Regardless of LeBron's assurances, flawed Cavs face uphill climb to NBA Finals
LeBron James and the Cavaliers, as presently constituted, are flawed. They are unstable at the point guard position, shallow on the front line, and thin in the middle. The only excess they have is a "glut of redundant role players." AP

CHICAGO - With a players' age average of 30.3, they are the oldest team in the NBA. Some of their mainstays - Dwyane Wade and Kyle Korver, both 36, and Channing Frye, 34 - are so past their prime they belong in a museum.

Ranked 29th among 30 teams in defensive efficiency, surrendering 109.3 points per 100 possessions according to ESPN, their defense has more dents than a golf ball.

They are not just losing games. They are getting crushed. Walloped by the Minnesota Timberwolves, 127-99, last January 8 and brutalized by the Toronto Raptors, 133-99, three days later. They were also creamed by the Portland Trail Blazers, 127-110, last January 2 in Cleveland, which made up for a very unhappy new year.

After bowing to the Golden State Warriors, 118-110, on Monday (Tuesday, Manila time) at the Quicken Loans Arena, they have lost four straight and nine of their last 12. With a 26-17 record, they are seven games behind the 34-11 Boston Celtics for the best record in the Eastern Conference.  

Their defense is inept. Their offense is predictable, craving for imagination. They are old and decrepit. And they are falling apart like broken down, well-worn shoes.

They are the Cleveland Cavaliers.

Oh, how the mighty has fallen.

The beast in the East for the last three years, the Cavs are now barely hanging on to third place, 3.5 games behind the No.2 Raptors (29-13) and leading the fourth-ranked Miami Heat (25-18) by just one game.  If the playoffs were to start today, Cleveland would have to go through Indiana in the first round, Toronto in the second round before facing Boston in the East Finals.

Only Joshua and the Israelites had a more treacherous path to the Promised Land.

But like a leader who doesn't want to admit that the walls are crumbling around his empire, LeBron James, the self-imposed Cavalier king, is playing it cool and told ESPN, "I like our effort tonight (against the Warriors). If we continue on that, going into our next few games, then I like where we are."

Besides being a regular season MVP,  NBA Finals MVP and perennial All-Star, LeBron deserves a few more titles: Spin Doctor and Denial-in-Chief.

IF YOU ARE BLIND AS A BAT and believe in what LeBron is saying, then Santa Claus is real. To paraphrase the late Daniel Patrick Moynihan, the great former United States senator and diplomat, we are all entitled to our own opinion, but not our own facts.

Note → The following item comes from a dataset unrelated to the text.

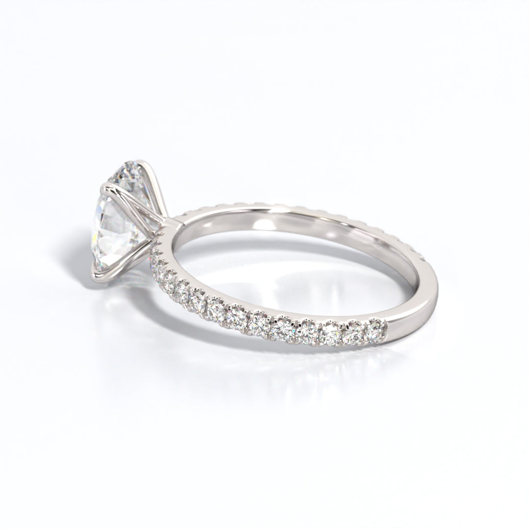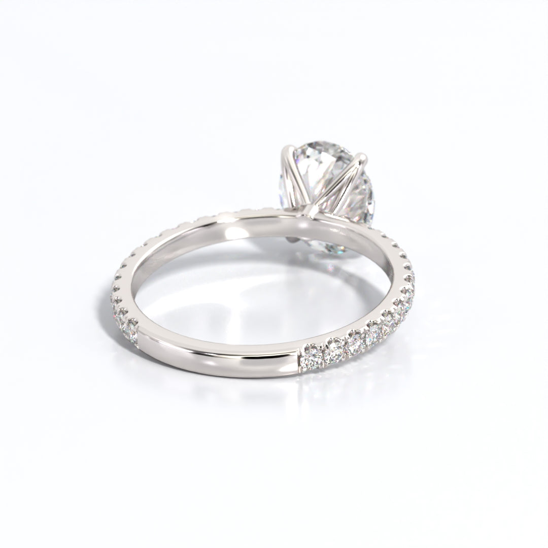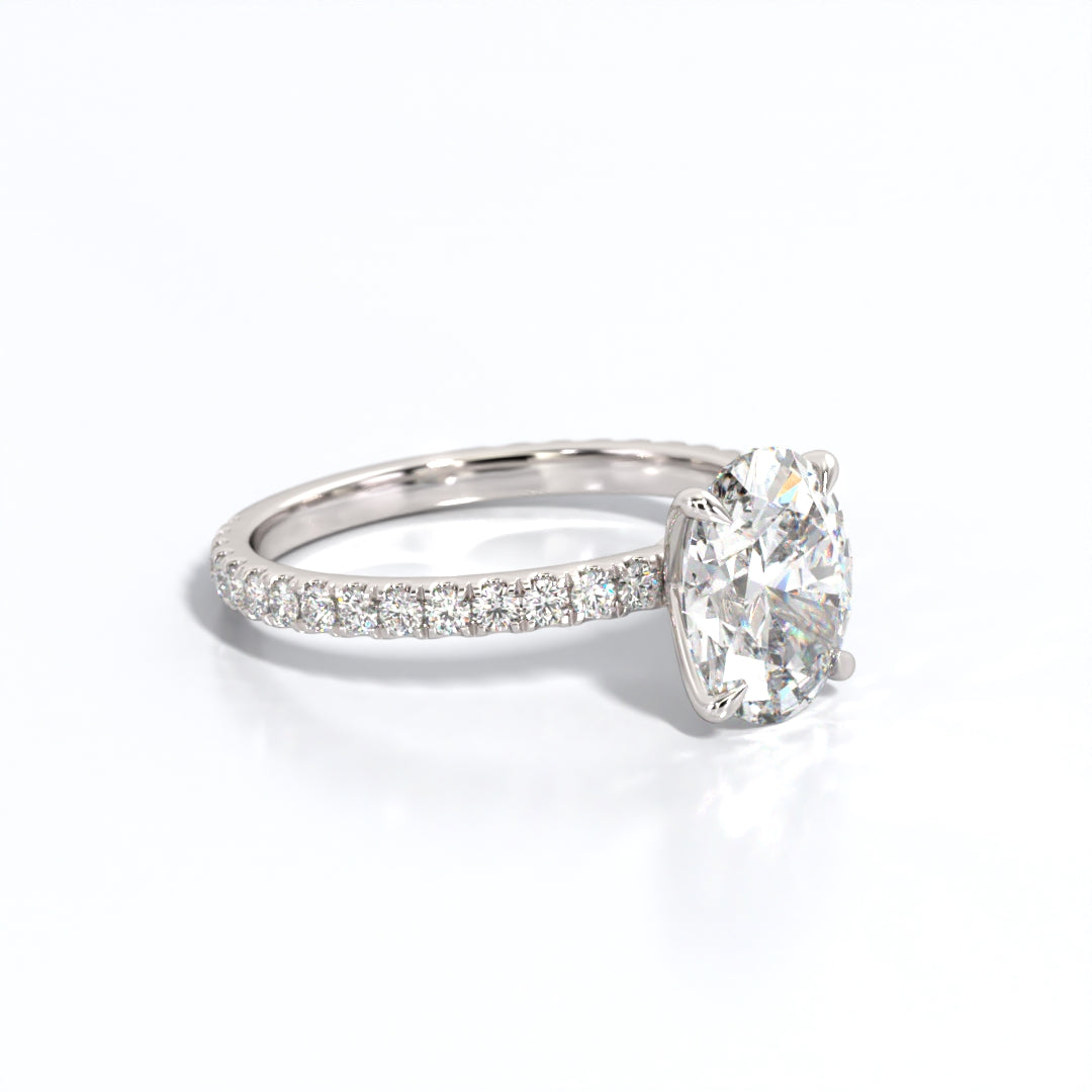 This engagement ring set is a true testament to classic elegance and timeless beauty. At its core lies a magnificent oval-cut lab-grown diamond, boasting a total weight of 2.5 carats. The oval shape, known for its graceful symmetry and elongated silhouette, is a symbol of everlasting love and grace, making it the perfect choice for those who appreciate timeless sophistication. This lab-grown diamond exhibits exceptional clarity, brilliance, and charm, embodying the radiance of your love.

The truth is, the Cavaliers, as presently constituted, are flawed. They are unstable at the point guard position, shallow on the front line, and thin in the middle. The only excess they have is a "glut of redundant role players," per anonymous team sources who voiced their frustrations to multiple outlets including and The Athletic.

Indeed, the Cavs did have a streak of 18 wins in 19 games early this season, but that was a harvest poached with the aid of inferior teams. Against the top tier squads such Golden State, Houston, Minnesota, Toronto and Boston, the Cavaliers are a sorry 1-6.

Cleveland used to just waltz through the regular season as though it was an inconsequential speed bump on their march to the playoffs. They'd turn on the switch in April, crank up the gear in May, and then easily race to the NBA Finals in June.

There is no such guarantee this time. The switch is short-circuited, the power is lacking. And the sands of the hour glass are falling fast on 33-year old LeBron.

As a writer with an insatiable appetite for drama, I was so looking forward to a Warriors-Cavs NBA Finals showdown Part IV. But with turmoil fermenting in Cleveland, I'm beginning to warm up to the idea of Boston and Golden State shooting for all the marbles this year.

And so should you. 

NO QUICK FIX. To address some of their personnel woes, the Cavaliers can tinker a little bit before the February 3 trading deadline. But with the league's highest payroll at $137.08 million, they have little flexibility to do so.

I mean, how can you move J.R. Smith, who is making $13.2 million this season plus another $30.4 million until 2020 or Tristan Thompson, who rakes in $16.4 million this season plus another $36 million guaranteed in the ensuing two seasons?

The Cavs have acquired two draft picks in the Kyrie Irving trade but it would be prudent to hold on to those chips in case LeBron leaves (again) this July and a rebuilding becomes expedient and most imperative.

That being said, these Cavs are stuck with whatever working or malfunctioning pieces they have. But given his pride, his intensity and desire to win, LeBron is more than capable of pulling a rabbit off of his fedora and drag Cleveland to its fourth straight NBA Finals and his ninth overall.

Once they get there, though, the only thing they'll see is the shine of the Larry O'Brien trophy that the Warriors will be hoisting.